* [Supplied data]
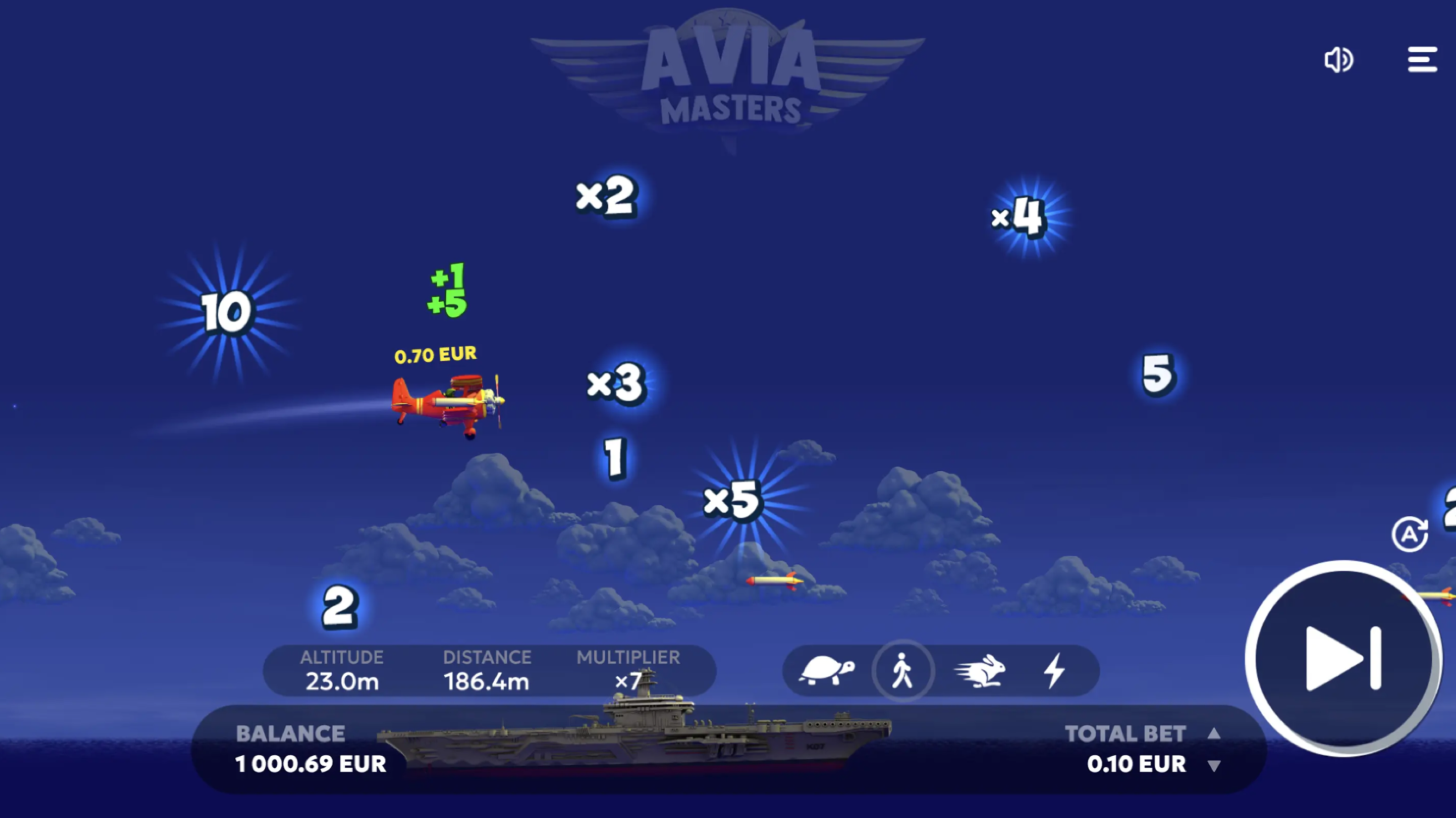 At the start of the game, you’ll need to choose your bet level. Then, select the speed at which you want the plane to fly. There are four speeds. The turtle is the slowest, while the lighting bolt is the quickest. Check the settings and start the game. The plane will take off, collecting rewards as it flies.
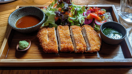 Enjoy a vibrant Japanese katsu meal featuring crispy pork cutlets served with fresh vegetables and savory sauce on a rustic wooden table.
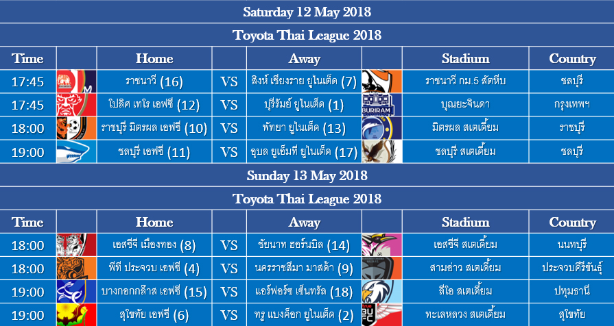 สรุปผลฟุตบอล ไทยลีก 2018 ประจำวันเสาร์ที่ 12 พฤษภาคม 2561 พร้อมตารางคะแนน
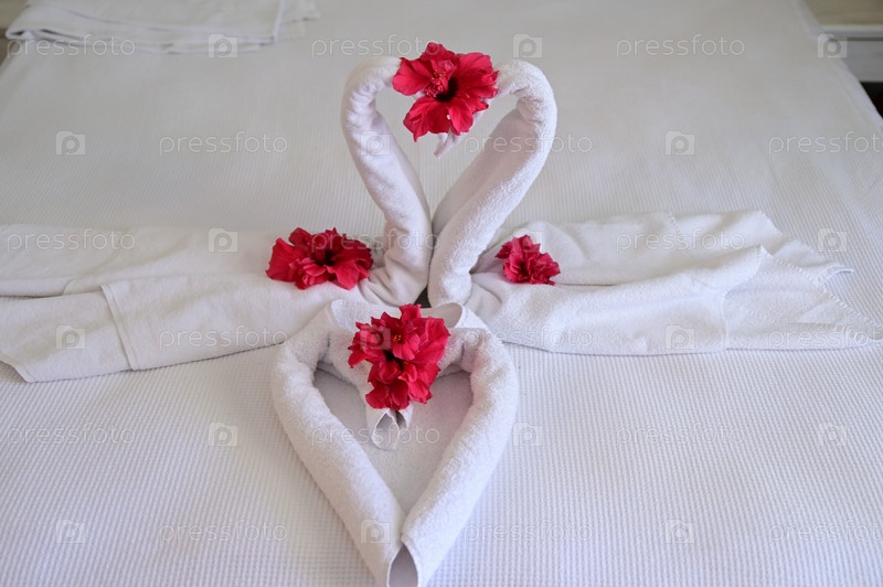 Фигура из накрахмаленных полотенец в гостиничном номере
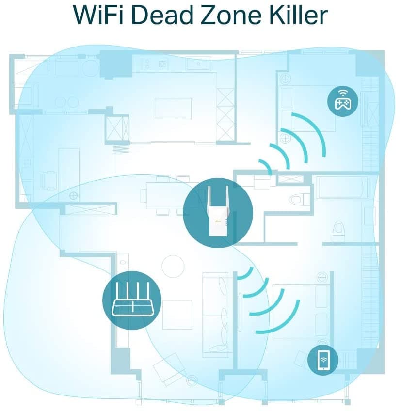 Tp-Link موسع نطاق Wi-Fi 6 ثنائي النطاق AX1800، موسع النطاق العريض/Wi-Fi، معزز Wi-Fi/نقطة اتصال مع
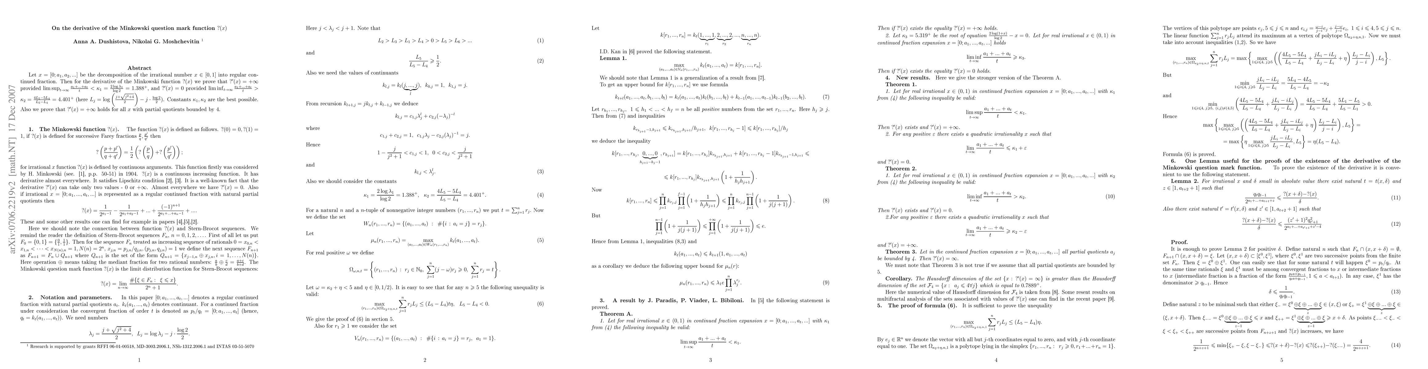 Let $ x = [0;a_1,a_2,...]$ be the decomposition of the irrational number $x \in [0,1]$ into regular continued fraction. Then for the derivative of the Minkowski function $?(x)$ we prove that $?'(x) = +\infty$ provided $ \limsup_{t\to \infty}\frac{a_1+...+a_t}{t} <\kappa_1 =\frac{2\log \lambda_1}{\log 2} = 1.388^+$, and $?'(x) = 0$ provided $ \liminf_{t\to \infty}\frac{a_1+...+a_t}{t} >\kappa_2 = \frac{4L_5-5L_4}{L_5-L_4}= 4.401^+$ (here $ L_j = \log (\frac{j+\sqrt{j^2+4}}{2}) - j\cdot\frac{\log 2}{2}$). Constants $\kappa_1,\kappa_2$ are the best possible. Also we prove that $?'(x) = +\infty$ holds for all $x$ with partial quotients bounded by 4.

* [Problem details] Beginning with the line with "สรุปผลฟุตบอล ไทยลีก 2018", repeat the entries above exactly, up to and including the last line, leaving out pictures.

* [Result of this task]
 สรุปผลฟุตบอล ไทยลีก 2018 ประจำวันเสาร์ที่ 12 พฤษภาคม 2561 พร้อมตารางคะแนน
 Фигура из накрахмаленных полотенец в гостиничном номере
 Tp-Link موسع نطاق Wi-Fi 6 ثنائي النطاق AX1800، موسع النطاق العريض/Wi-Fi، معزز Wi-Fi/نقطة اتصال مع
 Let $ x = [0;a_1,a_2,...]$ be the decomposition of the irrational number $x \in [0,1]$ into regular continued fraction. Then for the derivative of the Minkowski function $?(x)$ we prove that $?'(x) = +\infty$ provided $ \limsup_{t\to \infty}\frac{a_1+...+a_t}{t} <\kappa_1 =\frac{2\log \lambda_1}{\log 2} = 1.388^+$, and $?'(x) = 0$ provided $ \liminf_{t\to \infty}\frac{a_1+...+a_t}{t} >\kappa_2 = \frac{4L_5-5L_4}{L_5-L_4}= 4.401^+$ (here $ L_j = \log (\frac{j+\sqrt{j^2+4}}{2}) - j\cdot\frac{\log 2}{2}$). Constants $\kappa_1,\kappa_2$ are the best possible. Also we prove that $?'(x) = +\infty$ holds for all $x$ with partial quotients bounded by 4.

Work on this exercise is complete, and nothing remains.